Do that first. Then you can add
other words like, "Please forgive
me." But first you must admit your
own wrongdoing in the matter.

"But I tell you who hear me: Love
your enemies, do good to those
who hate you, bless those who
curse you, pray for those who
mistreat you. If someone strikes
you on one cheek, turn to him the
other also. If someone takes your
cloak, do not stop him from taking
your tunic. Give to everyone who
asks you, and if anyone takes what
belongs to you, do not demand it
back. Do to others as you would
have them do to you." -Jesus
(Luke
6:27-31)

Make sure that nobody pays back
wrong for wrong, but always try to
be kind to each other and to
everyone else.
(1 Thessalonians
5:15)
It doesn't matter to God who started the
squabble. He doesn't care who said what
or did what to whom.
Each of us is
accountable to Almighty God for our
own actions and our own reactions;
that's right-- your reactions.
"Don't return
wrong for wrong. Bless those who curse
you, pray for those who mistreat you."
I am
not accountable for what others do to
me. However, I am accountable for how
I react to them.

Bear with each other and forgive whatever
grievances you may have against one
another. Forgive as the Lord forgave you.
(Col.3:13)

In your anger do not sin: Do not let the sun
go down while you are still angry.
(Ephesians 4:26)

In the eyes of God I am personally
accountable for everything I do--
everything!
I can't expect to go before
God with excuses for disobeying Him, "You
just dont know what that person did to me,
Lord! I was so hurt. How can I ever forgive
them for what they did. Or how can I trust
them ever again!"

If that's your attitude God wants to ask you
a question.
"How about you? How did you
REACT to what they did? Did you get
angry and say hurtful things back to them?"

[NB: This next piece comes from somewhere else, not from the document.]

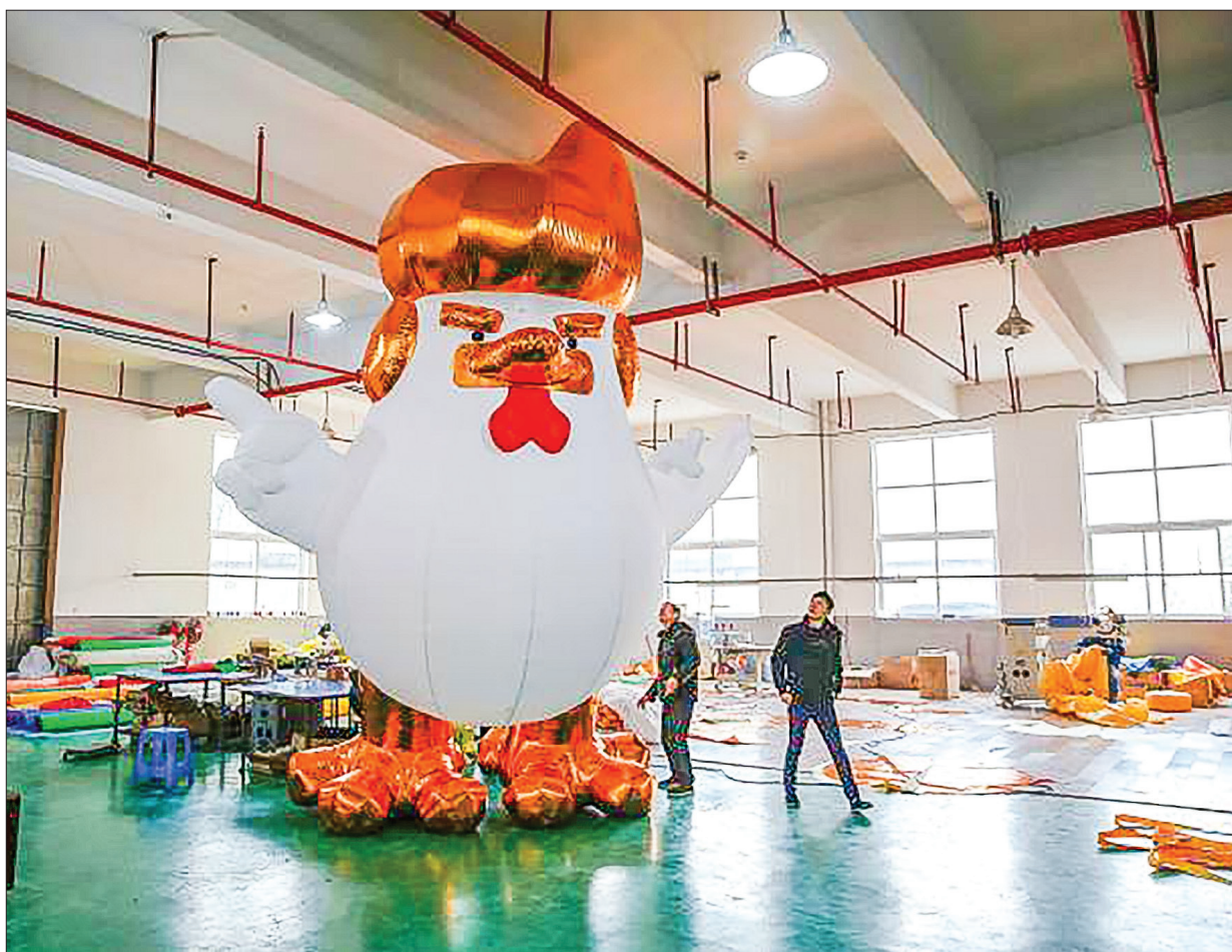
Workers show to visitors an inflatable chicken that local media say bears resemblance to US President-elect Donald Trump as their factory braces for the Year of the Rooster in Jiaxing, Zhejiang province, China on 12 January, 2017.

You may respond, "Well yes, but I was so
hurt! They made me angry. What they did
was wrong!"

To which God replies,
"Yes and I will hold
them accountable for what they did. It was
wrong and they need to apologize to you
and repent before me as well. However,
(and this is the part we dont want to hear!)
What about you? It takes two to tango, you
know. The way that you reacted to the
offence is equally wrong. Right??"

Well... I suppose it is"

"Did I not say, 'Make sure that nobody pays
back wrong for wrong?' Did I not say
'forgive whatever grievances you may have
against one another. Forgive as the Lord
forgave you.'?"

"Well... yes, but... "

"There's no buts about it. Are you reacting
in a Christ-like way to insults?"

"Well, no Lord. I am not."

"Then, in that case, say it."

"OK, I will. I was wrong; wrong to react in
anger and bitterness to them and more
importantly, I was wrong to disobey your
word."

"Good! Now, what are you going to do?"

"Go to the one who offended me and tell
him I was wrong to snap back at him and to
act so un-Christlike."

Now, you've got it!

"He was oppressed and afflicted, yet he
did not open his mouth; he was led like a
lamb to the slaughter, and as a sheep
before her shearers is silent, so he did not
open his mouth."
(Isaiah 53:7)

"I have set you an example that you should
do as I have done for you."-Jesus
(John
13:15)

Your attitude should be the same as
that of Christ Jesus.
(Philippians 2:5)

"I was wrong." What a powerful phrase!
What a liberating thing to admit!" I was
wrong. It doesn't matter what you did to me,
I was wrong to react the way I did! I've
asked God to forgive me and now I'm
asking you to forgive me." Wow! That will
set you free AND hopefully set the
offending party free as well.

"Therefore, if you are offering your gift at
the altar and there remember that your
brother has something against you, leave
your gift there in front of the altar. First go
and be reconciled to your brother; then
come and offer your gift."
- Jesus (Matthew
5:23-24)

It's the formula for the healing of all
relationships, those with God and with
others as well. "I was wrong."; Try it
sometime. You'll be amazed at what these
three little words will do.
All scripture references are from
The New International Version of The Bible.